Temptation: As we grow up

Helen Chao

We’ve all reached for the red apple. The serpent slumbers, coiled in the shadowy recesses of consciousness. For every tentative step we take towards the apple, he slithers forward, ravenous and ready to prey on conscience in glaring daylight. The serpent hisses. Conscience falters, temptation strikes and pluck. The apple lies in our hands. The swear word uttered, the lie vocalized and the order disobeyed, as the serpent, satisfied, turns tail.

A good day’s work.

According to psychologist Dr. Sara Hyatt, we utter our first lies at 4 to 5 years old, plucking that first apple from the tree: often with an emotional motivation.

“It’s because there’s a perception [for children] that if they tell the truth, it won’t be okay,” Hyatt said. “They’ll [think] they’ll be punished, they’ll be made to feel bad, they’ll be told they’re wrong or that was stupid of you to do that.”  

Children desire a certain outcome from their lies, often twisting the truth to avoid their parent’s temper or a potential punishment. Come teenage years, however, the apples we pluck are heavier, of blatant disobedience and rebellion against our parents, the figures we previously admired for advice and approval.

“[There] is a time of slowly moving away from our parents,” Hyatt said. “When kids do things that seem like it’s more like intentionally rebellious or just being oppositional, they’re expressing the fact that they want to be different, they are different, but they’re moving towards that.”

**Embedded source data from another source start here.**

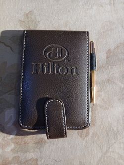 Vintage Hilton Hotel's branded faux-leather notepad holder with gold tone mini mechanical pencil and a Vitronic paper refill.$15Euless, TX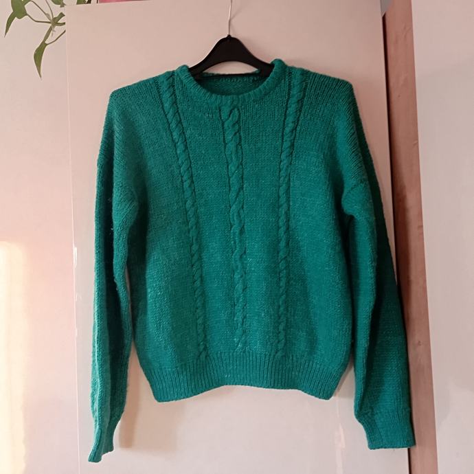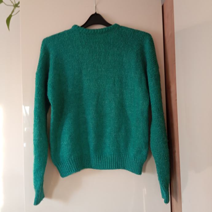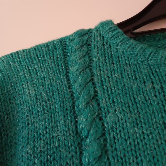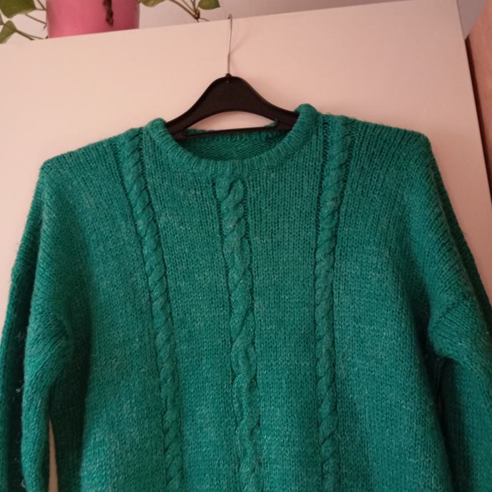 Izredno lepo ohranjen, ročno pleten, raztegljiv, od ene pazduhe do druge meri 50cm, dolžina je 55cm, dolžina rokava od pazduhe navzdol je 47cm, ne menjam, ptt ni vključena v ceno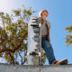 The skyline of San Diego with water in the front and cloudy blue sky in the background.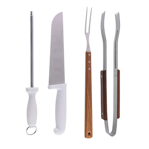 - Cor: Faca e Chaira Cabo branco, Garfo e Pegador Cabo marrom, Lamina Prata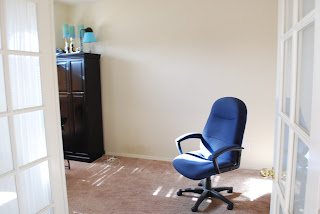This was my office. Seriously. A pink chair which is 25 years old. I was ready to give it away before we moved, and no male member of the my family could part with it. Us girls? We were ready, but not the boys. So, this is where I have sat for the past couple of years with my laptop on my lap, blogging, reading emails, etc. Big ugly speakers myMike insists are necessary to listen to the music he composes and the mishmash of unmatching bookshelves, dressers converted into bookshelves, and ugly filing cabinets. . . . it wasn't pretty but it did function. Barely. There was another desk the kids used for their laptops, and everything was filed on top of the filing cabinets.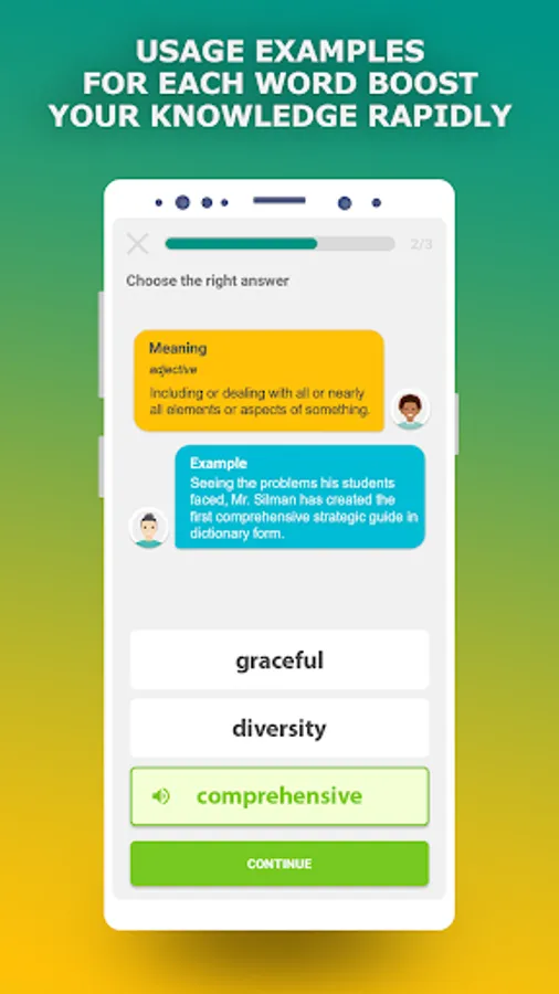 Each English word in this TOEFL vocabulary builder app is pronounced by native American English speakers so you can immediately perceive the speech by ear, which is very important for the TOEFL Listening module. Because of unique learning technique you will keep in mind the correct spelling of English words forever, which will also increase your band in the TOEFL Writing module.

However, Hyatt emphasizes that this rebellious nature is a transitional period of growth, with children learning to express themselves and develop a responsibility for their own decisions, be they honorable or dishonorable. Gravitating toward the latter, from lying to spare someone’s feelings or stumbling on an adult website, we have all sinned in some manner and to some degree. But, perhaps, sins aren’t meticulously plotted. They may be a momentary lapse — a cave-in to temptation.